Task item:
Pictures stay out. Extract the lines below from the first one through the line with "Short sleeved t", both included.
::::::::
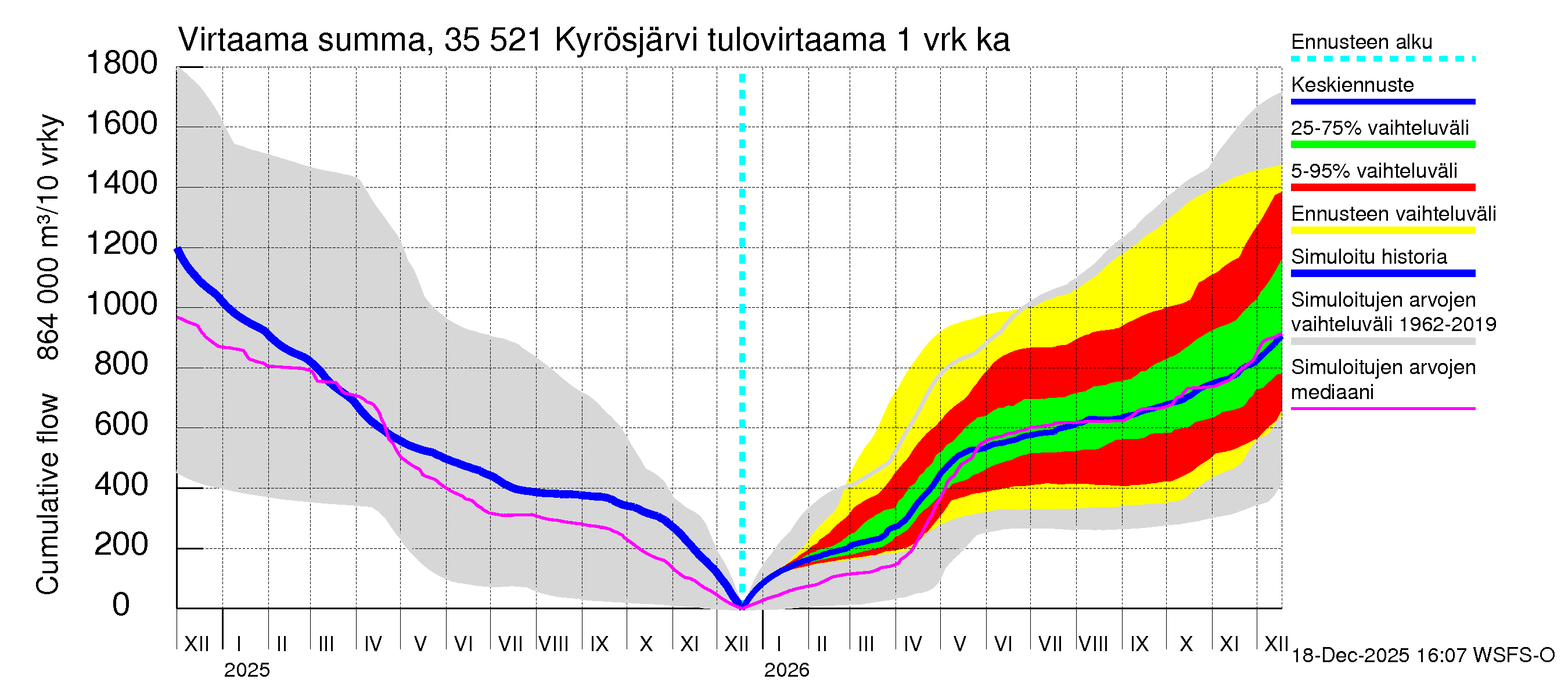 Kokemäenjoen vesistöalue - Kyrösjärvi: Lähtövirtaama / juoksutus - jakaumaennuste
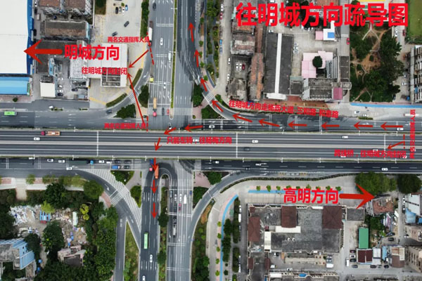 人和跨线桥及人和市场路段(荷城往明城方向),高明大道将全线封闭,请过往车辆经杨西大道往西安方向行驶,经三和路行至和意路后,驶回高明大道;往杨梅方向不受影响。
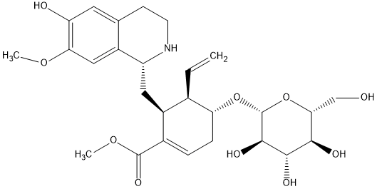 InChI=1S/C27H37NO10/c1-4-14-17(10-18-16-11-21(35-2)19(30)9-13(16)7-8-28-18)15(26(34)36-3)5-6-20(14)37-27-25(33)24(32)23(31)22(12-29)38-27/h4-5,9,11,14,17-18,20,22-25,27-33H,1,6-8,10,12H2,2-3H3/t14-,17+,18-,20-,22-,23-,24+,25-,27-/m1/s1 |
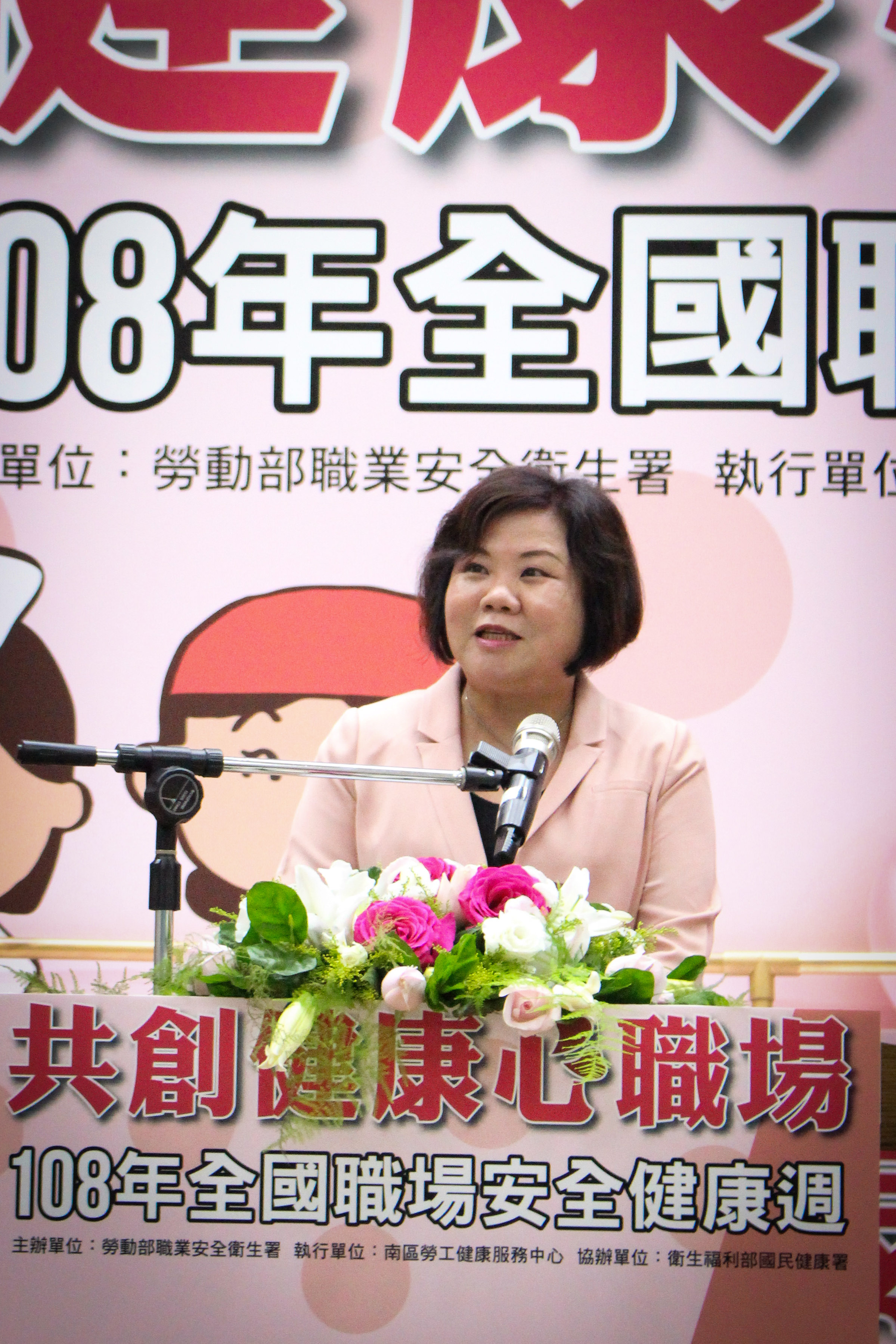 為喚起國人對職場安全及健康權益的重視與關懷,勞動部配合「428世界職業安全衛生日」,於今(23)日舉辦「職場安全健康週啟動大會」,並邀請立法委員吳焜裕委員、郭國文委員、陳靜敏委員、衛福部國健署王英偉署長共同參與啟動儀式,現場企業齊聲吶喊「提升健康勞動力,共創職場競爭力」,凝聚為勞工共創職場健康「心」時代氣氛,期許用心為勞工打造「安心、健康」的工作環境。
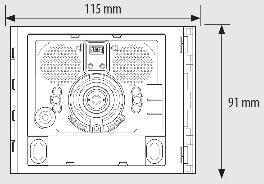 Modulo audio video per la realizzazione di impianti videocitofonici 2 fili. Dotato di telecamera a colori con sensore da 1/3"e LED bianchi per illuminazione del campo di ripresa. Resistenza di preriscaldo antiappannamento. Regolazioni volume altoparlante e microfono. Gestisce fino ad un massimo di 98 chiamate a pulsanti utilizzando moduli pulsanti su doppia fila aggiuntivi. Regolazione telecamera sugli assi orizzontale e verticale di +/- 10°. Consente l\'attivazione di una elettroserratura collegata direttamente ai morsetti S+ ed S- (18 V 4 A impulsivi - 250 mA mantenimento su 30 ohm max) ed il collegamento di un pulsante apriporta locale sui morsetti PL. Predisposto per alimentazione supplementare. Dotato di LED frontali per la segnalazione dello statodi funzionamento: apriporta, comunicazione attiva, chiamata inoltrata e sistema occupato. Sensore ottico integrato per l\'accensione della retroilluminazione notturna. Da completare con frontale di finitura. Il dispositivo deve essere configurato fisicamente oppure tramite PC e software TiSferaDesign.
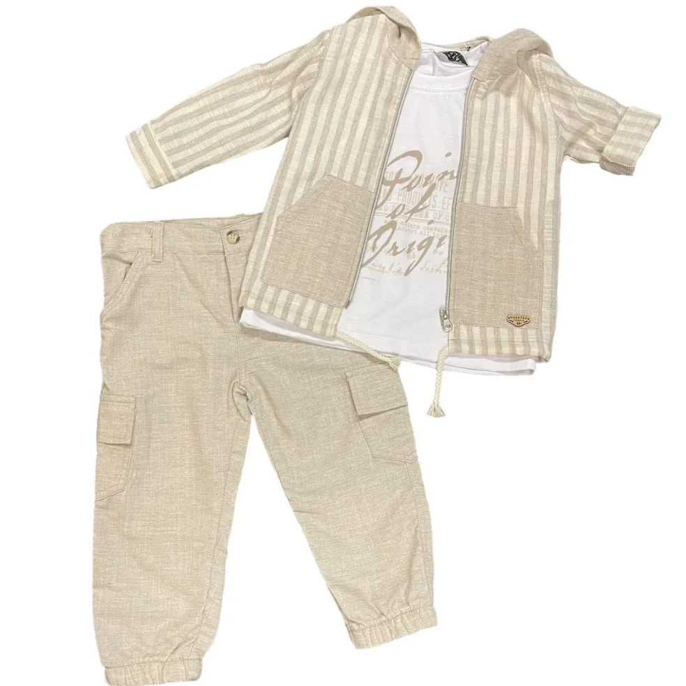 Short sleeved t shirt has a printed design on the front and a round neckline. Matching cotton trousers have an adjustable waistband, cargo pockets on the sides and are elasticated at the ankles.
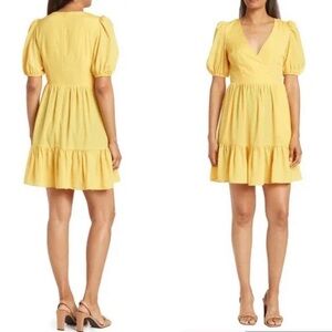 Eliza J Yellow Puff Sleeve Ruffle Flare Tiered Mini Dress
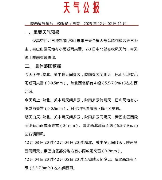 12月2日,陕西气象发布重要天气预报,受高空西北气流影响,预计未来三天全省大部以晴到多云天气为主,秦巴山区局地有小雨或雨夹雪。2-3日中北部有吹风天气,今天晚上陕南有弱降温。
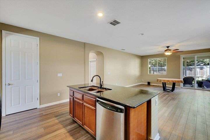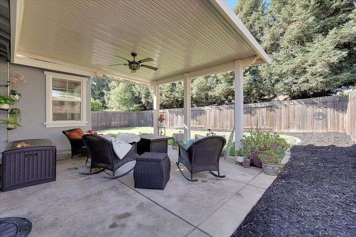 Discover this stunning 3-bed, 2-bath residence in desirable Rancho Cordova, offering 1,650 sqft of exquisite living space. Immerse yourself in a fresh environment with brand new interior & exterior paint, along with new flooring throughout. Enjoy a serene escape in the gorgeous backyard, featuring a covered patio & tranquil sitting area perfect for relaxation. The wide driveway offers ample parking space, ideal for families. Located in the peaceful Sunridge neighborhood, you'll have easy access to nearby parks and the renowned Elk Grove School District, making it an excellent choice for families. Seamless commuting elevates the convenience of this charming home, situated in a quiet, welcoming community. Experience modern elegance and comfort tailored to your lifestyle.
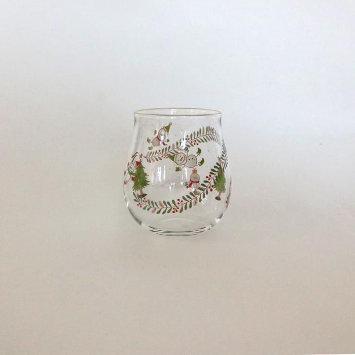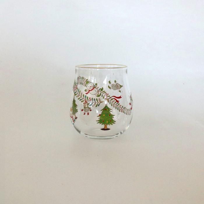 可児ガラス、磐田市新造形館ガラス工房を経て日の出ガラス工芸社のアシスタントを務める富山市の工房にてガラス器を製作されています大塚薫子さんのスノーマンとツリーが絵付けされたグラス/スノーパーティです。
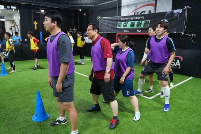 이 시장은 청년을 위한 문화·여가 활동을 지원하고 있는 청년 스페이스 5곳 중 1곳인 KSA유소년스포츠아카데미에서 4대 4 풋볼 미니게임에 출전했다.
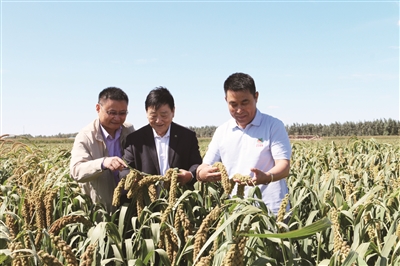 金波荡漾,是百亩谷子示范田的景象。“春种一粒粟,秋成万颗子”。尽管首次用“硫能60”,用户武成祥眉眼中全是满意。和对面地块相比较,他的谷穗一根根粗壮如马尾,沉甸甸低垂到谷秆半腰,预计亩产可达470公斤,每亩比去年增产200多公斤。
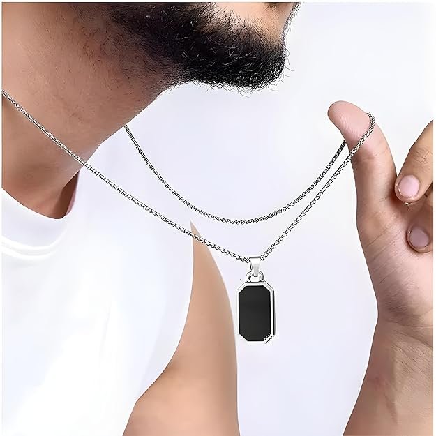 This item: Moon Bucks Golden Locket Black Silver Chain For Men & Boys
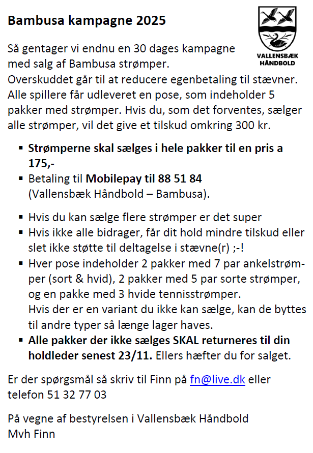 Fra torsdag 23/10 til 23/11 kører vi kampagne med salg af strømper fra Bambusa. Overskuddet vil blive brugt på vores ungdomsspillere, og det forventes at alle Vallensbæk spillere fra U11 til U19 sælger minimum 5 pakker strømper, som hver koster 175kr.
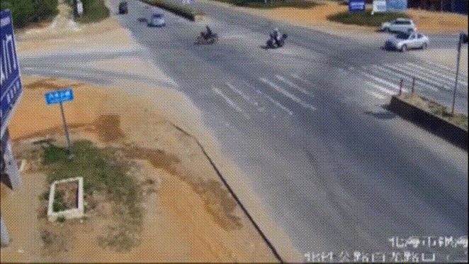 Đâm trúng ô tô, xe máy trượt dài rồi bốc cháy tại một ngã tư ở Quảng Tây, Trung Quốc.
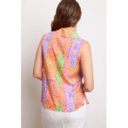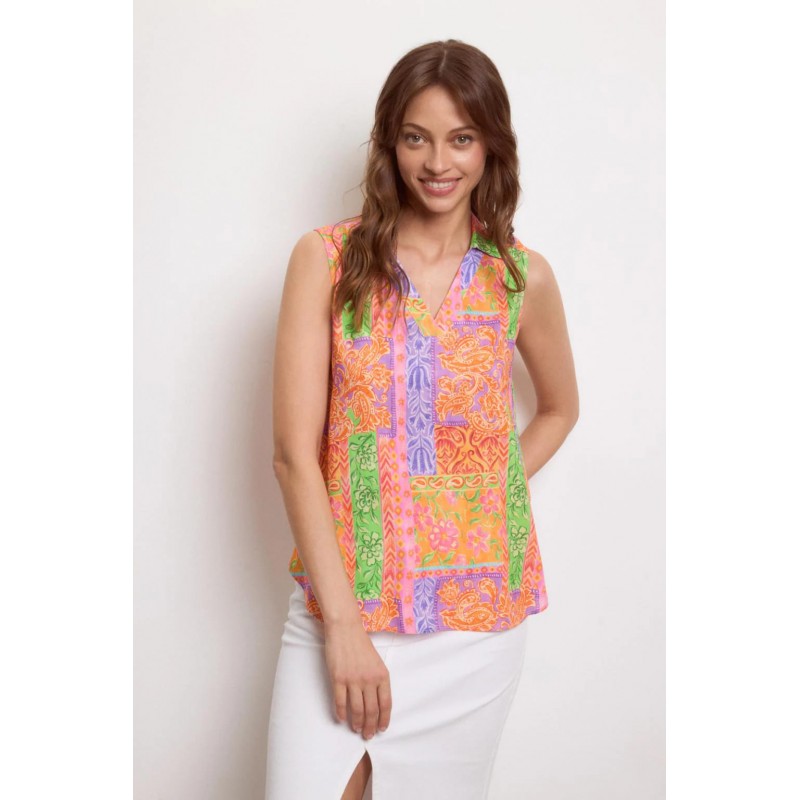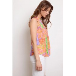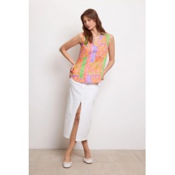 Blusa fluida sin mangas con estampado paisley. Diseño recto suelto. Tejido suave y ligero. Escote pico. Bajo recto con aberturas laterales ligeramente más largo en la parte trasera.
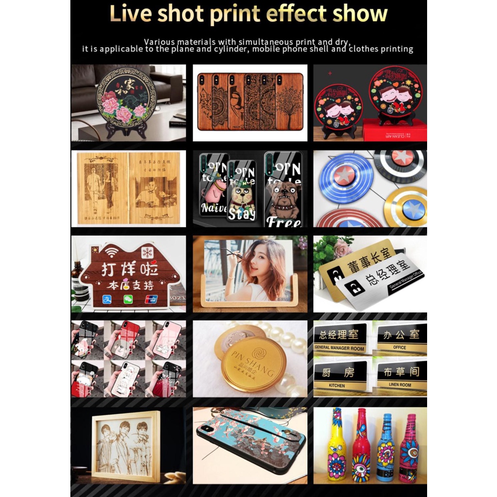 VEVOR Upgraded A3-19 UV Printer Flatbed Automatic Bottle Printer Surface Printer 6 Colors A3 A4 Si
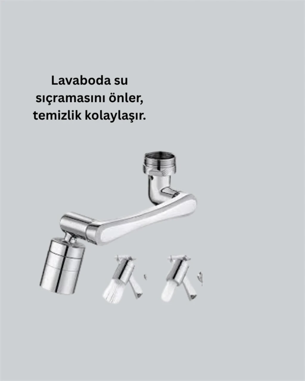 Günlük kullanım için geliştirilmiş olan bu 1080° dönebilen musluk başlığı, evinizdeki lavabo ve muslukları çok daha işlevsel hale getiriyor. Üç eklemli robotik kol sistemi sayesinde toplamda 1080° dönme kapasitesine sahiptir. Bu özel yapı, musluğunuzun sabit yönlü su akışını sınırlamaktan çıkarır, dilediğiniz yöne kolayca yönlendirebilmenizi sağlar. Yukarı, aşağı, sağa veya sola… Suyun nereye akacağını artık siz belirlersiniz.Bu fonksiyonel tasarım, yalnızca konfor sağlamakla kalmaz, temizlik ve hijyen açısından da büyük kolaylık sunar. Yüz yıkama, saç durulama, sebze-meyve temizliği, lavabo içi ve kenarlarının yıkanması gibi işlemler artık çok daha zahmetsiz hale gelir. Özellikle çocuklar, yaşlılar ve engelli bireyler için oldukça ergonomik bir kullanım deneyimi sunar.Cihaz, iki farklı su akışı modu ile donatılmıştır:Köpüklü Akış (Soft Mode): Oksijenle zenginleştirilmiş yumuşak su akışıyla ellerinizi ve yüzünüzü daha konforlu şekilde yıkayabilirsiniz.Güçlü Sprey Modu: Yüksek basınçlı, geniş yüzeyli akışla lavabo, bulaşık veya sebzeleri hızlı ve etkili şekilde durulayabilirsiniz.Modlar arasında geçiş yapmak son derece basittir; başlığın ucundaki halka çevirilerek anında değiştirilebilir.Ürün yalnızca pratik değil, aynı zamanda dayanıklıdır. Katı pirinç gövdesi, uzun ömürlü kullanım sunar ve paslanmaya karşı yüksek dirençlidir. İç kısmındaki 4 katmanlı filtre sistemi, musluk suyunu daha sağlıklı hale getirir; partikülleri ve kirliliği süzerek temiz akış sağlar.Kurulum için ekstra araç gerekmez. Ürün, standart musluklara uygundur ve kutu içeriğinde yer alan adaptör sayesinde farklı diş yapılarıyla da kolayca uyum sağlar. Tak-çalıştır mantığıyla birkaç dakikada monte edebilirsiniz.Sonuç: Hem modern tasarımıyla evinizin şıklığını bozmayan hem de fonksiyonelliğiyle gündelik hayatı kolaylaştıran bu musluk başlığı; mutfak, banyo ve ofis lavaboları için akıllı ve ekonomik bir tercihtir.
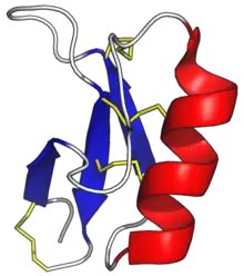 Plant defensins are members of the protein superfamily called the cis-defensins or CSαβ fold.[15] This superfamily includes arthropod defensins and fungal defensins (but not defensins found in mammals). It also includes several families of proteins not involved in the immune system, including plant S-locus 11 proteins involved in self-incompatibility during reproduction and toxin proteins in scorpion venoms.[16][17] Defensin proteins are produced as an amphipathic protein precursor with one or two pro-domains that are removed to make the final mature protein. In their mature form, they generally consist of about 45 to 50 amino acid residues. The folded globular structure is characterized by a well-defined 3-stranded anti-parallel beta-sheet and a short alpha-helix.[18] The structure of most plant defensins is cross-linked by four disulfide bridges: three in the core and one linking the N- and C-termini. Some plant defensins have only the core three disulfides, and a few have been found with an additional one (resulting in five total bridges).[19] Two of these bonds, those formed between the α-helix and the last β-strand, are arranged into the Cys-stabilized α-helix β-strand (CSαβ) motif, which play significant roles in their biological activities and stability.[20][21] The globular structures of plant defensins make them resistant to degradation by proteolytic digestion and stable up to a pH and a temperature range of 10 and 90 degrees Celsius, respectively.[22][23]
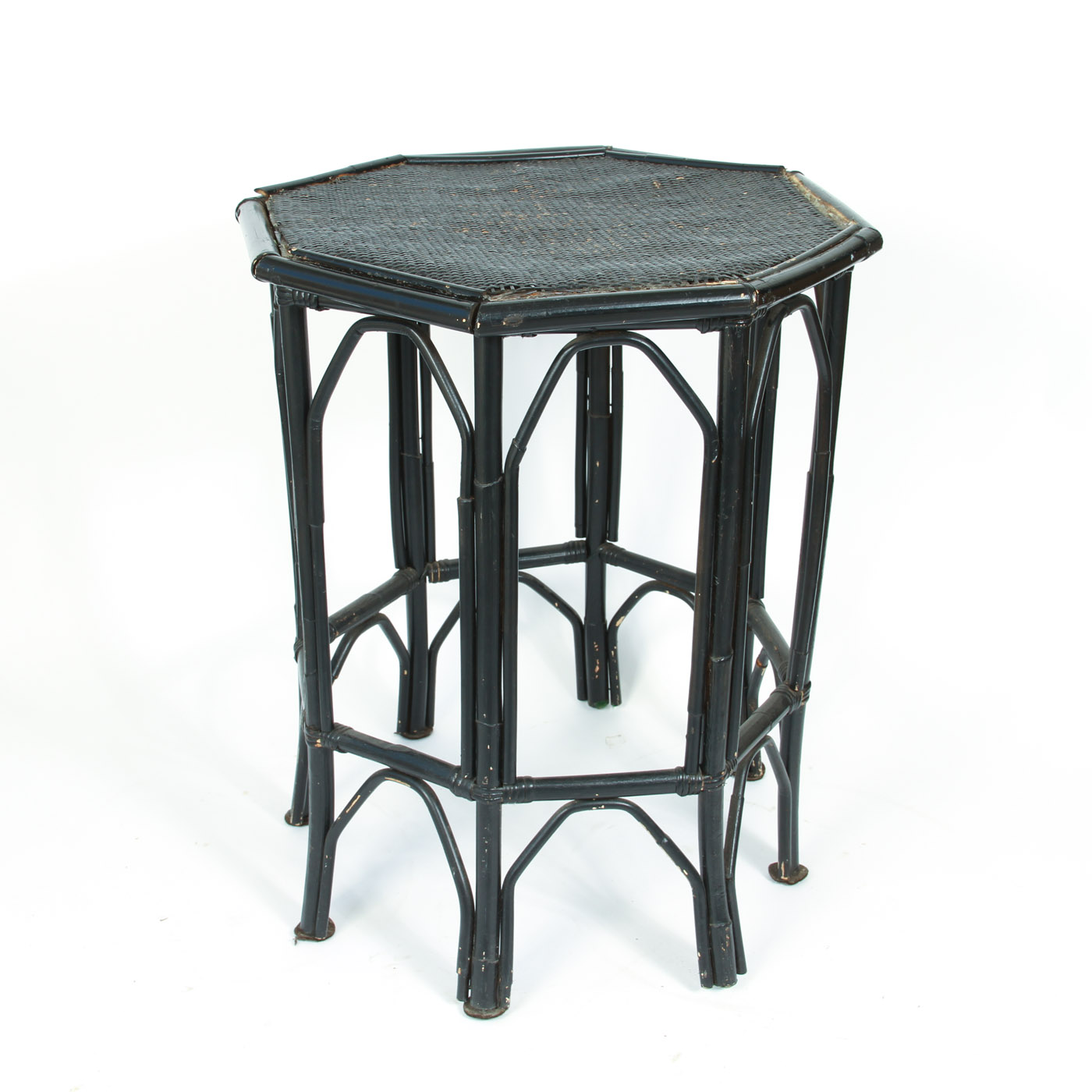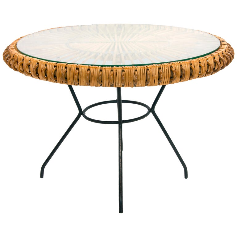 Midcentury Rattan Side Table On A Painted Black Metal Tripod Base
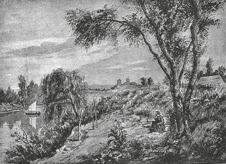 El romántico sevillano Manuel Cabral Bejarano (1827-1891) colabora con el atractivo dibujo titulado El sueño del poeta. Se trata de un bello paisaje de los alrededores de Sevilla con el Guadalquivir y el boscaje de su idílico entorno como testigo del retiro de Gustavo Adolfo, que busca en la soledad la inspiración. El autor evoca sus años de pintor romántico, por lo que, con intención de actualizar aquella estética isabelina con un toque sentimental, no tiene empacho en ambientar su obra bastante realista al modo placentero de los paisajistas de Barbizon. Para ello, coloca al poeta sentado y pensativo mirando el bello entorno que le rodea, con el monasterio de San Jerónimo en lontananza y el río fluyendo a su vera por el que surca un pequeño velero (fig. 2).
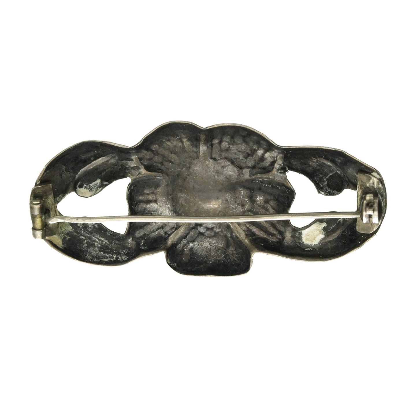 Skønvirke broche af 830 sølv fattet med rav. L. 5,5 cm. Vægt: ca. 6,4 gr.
::::::::
Solved exercise:
 Kokemäenjoen vesistöalue - Kyrösjärvi: Lähtövirtaama / juoksutus - jakaumaennuste
 人和跨线桥及人和市场路段(荷城往明城方向),高明大道将全线封闭,请过往车辆经杨西大道往西安方向行驶,经三和路行至和意路后,驶回高明大道;往杨梅方向不受影响。
 InChI=1S/C27H37NO10/c1-4-14-17(10-18-16-11-21(35-2)19(30)9-13(16)7-8-28-18)15(26(34)36-3)5-6-20(14)37-27-25(33)24(32)23(31)22(12-29)38-27/h4-5,9,11,14,17-18,20,22-25,27-33H,1,6-8,10,12H2,2-3H3/t14-,17+,18-,20-,22-,23-,24+,25-,27-/m1/s1 |
 為喚起國人對職場安全及健康權益的重視與關懷,勞動部配合「428世界職業安全衛生日」,於今(23)日舉辦「職場安全健康週啟動大會」,並邀請立法委員吳焜裕委員、郭國文委員、陳靜敏委員、衛福部國健署王英偉署長共同參與啟動儀式,現場企業齊聲吶喊「提升健康勞動力,共創職場競爭力」,凝聚為勞工共創職場健康「心」時代氣氛,期許用心為勞工打造「安心、健康」的工作環境。
 Modulo audio video per la realizzazione di impianti videocitofonici 2 fili. Dotato di telecamera a colori con sensore da 1/3"e LED bianchi per illuminazione del campo di ripresa. Resistenza di preriscaldo antiappannamento. Regolazioni volume altoparlante e microfono. Gestisce fino ad un massimo di 98 chiamate a pulsanti utilizzando moduli pulsanti su doppia fila aggiuntivi. Regolazione telecamera sugli assi orizzontale e verticale di +/- 10°. Consente l\'attivazione di una elettroserratura collegata direttamente ai morsetti S+ ed S- (18 V 4 A impulsivi - 250 mA mantenimento su 30 ohm max) ed il collegamento di un pulsante apriporta locale sui morsetti PL. Predisposto per alimentazione supplementare. Dotato di LED frontali per la segnalazione dello statodi funzionamento: apriporta, comunicazione attiva, chiamata inoltrata e sistema occupato. Sensore ottico integrato per l\'accensione della retroilluminazione notturna. Da completare con frontale di finitura. Il dispositivo deve essere configurato fisicamente oppure tramite PC e software TiSferaDesign.
 Short sleeved t shirt has a printed design on the front and a round neckline. Matching cotton trousers have an adjustable waistband, cargo pockets on the sides and are elasticated at the ankles.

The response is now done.